When my holidays arrived, I got underway. The trenches, I dug by hand to more than a meter deep to ensure a solid foundation in the clay subsoil, the spoil being carted well out of the way to a low spot elsewhere in the yard. A lot of backfill will eventually be required when retaining walls have been constructed, but would be a nuisance and in the way at this stage.

With my intention to mix the concrete by hand, I poured the main footings in two stages. Firstly, I partially filled the trenches, to within about about 450mm of the ground surface, with blinding concrete. Next, I fabricated the reinforcing steel work, bending and welding the 16mm bar into sections ready to be tied together in situ.

As 3 to 4 cubic metres of concrete required for each of the 2 stages of the footings, (blinding and main), sufficient supplys of aggregate, sand and cement were required. I am fortunate, to have in the area, quarries that supply the local Gherang Gravel directly. The gravel, which normally contains a lot of clay is generally used for roads and driveways. However, when it is extracted from the pits, some pockets are found which are free of the clay. This is suitable to be used with only the addition of cement to form a good mix. Costing about 15 to 25 dollars for a loaded trailer, depending on the mood of the operator at the time, it is also very economical.

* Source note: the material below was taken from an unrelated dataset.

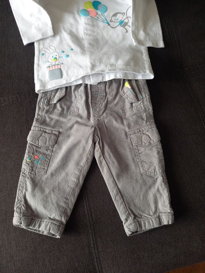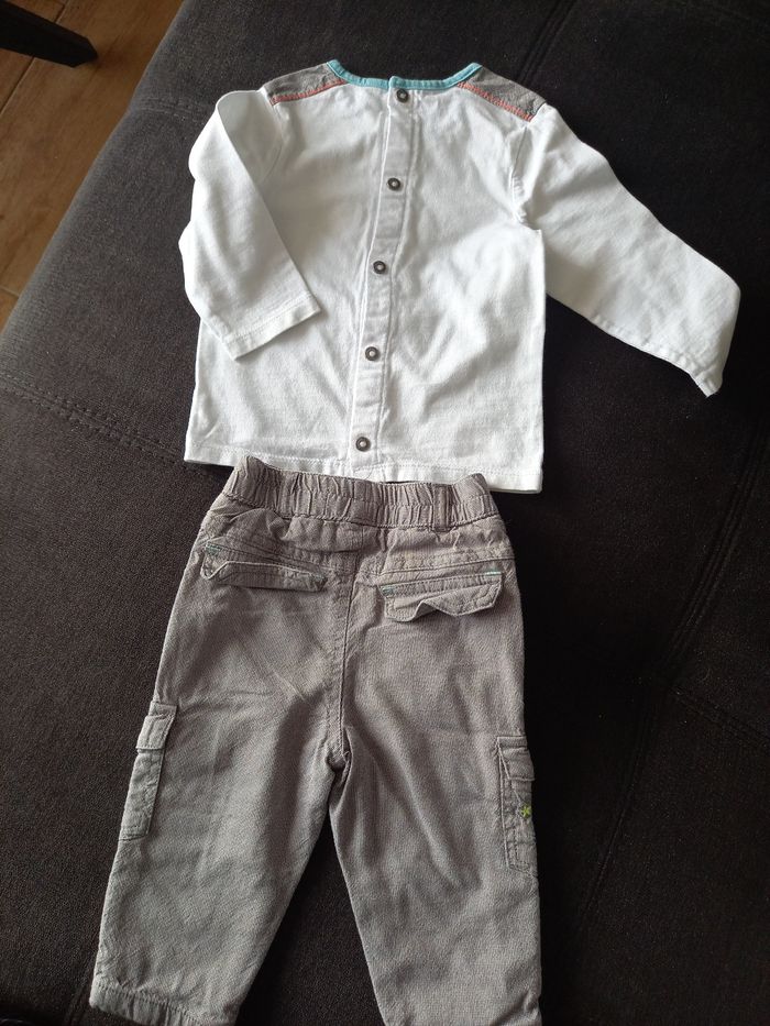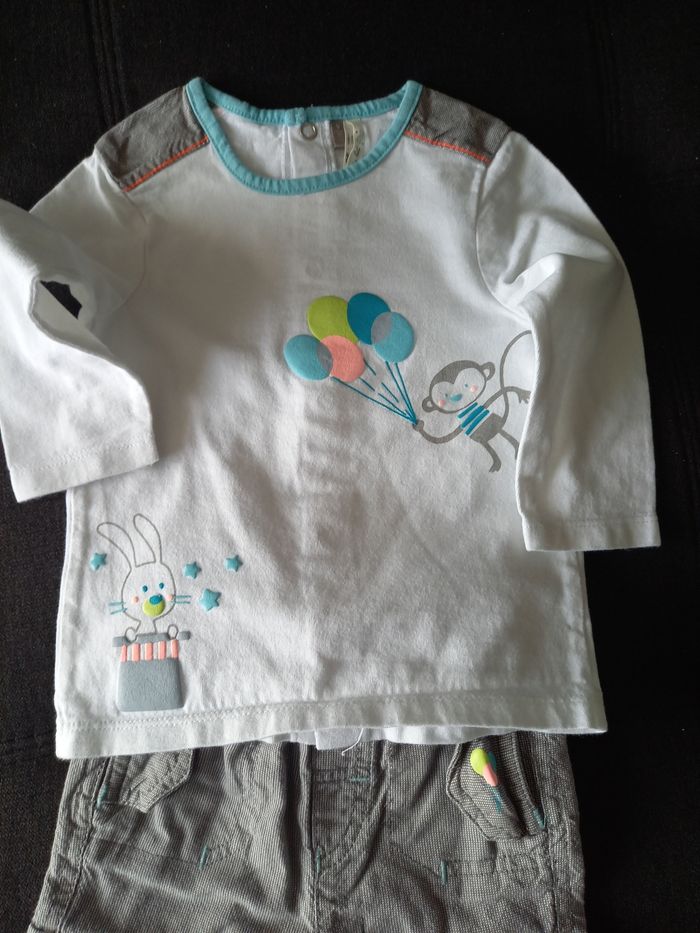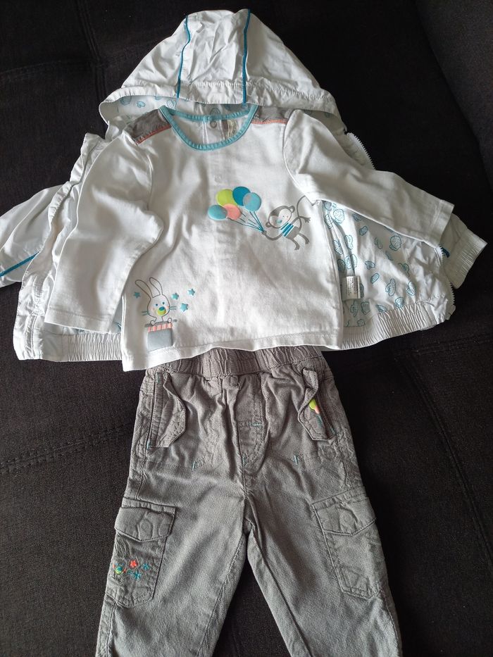 Ensemble de 3 pièces comprenant 1 pantalon légèrement doublé, 1 tee shirt manche longue boutonnage au dos et 1 blouson imperméable. Le tout en excellent état.

At the end of a long day, after mixing on my own, over 3 meters of Concrete, the foundations are done!.

Rising out of the ground, more concrete was mixed, this time in smaller doses. I formed a series of criss crossing beams, still being heavily reinforced to ensure the structures rigidity.
The Verandah, I had also redesigned to incorporate a central gable, stepped forward to enhance the whole shape of the structure. This necessitated the rebuilding of a portion of the base stonework to accomodate the offset. To support this work, I formed a heavily reinforced concrete beam, set into the existing wall and bearing on the original foundations.
By now, my holidays were over and the above photo is what I had to show for them!

Stone quoins were required for the offset. This occupied a considerable amount of my time in their preparation, owing to their size and the dressing of the margins.

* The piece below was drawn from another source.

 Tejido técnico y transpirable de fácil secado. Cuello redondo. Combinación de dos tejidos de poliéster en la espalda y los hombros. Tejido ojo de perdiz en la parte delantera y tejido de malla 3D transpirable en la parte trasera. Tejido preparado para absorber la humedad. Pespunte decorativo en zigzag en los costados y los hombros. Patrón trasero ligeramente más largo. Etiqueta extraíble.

With the stone ready, I was then able to get on with the job of reconstructing the wall. I used concrete bricks below finished ground level and in the infill area, which will be covered by the steps. Although dismantling already completed work is very frustrating, the existing stonework on this wall was among the earliest that I had laid, therefore it was also among the roughest. So, replacing this with much neater work was certainly a consolation.

To be continued.....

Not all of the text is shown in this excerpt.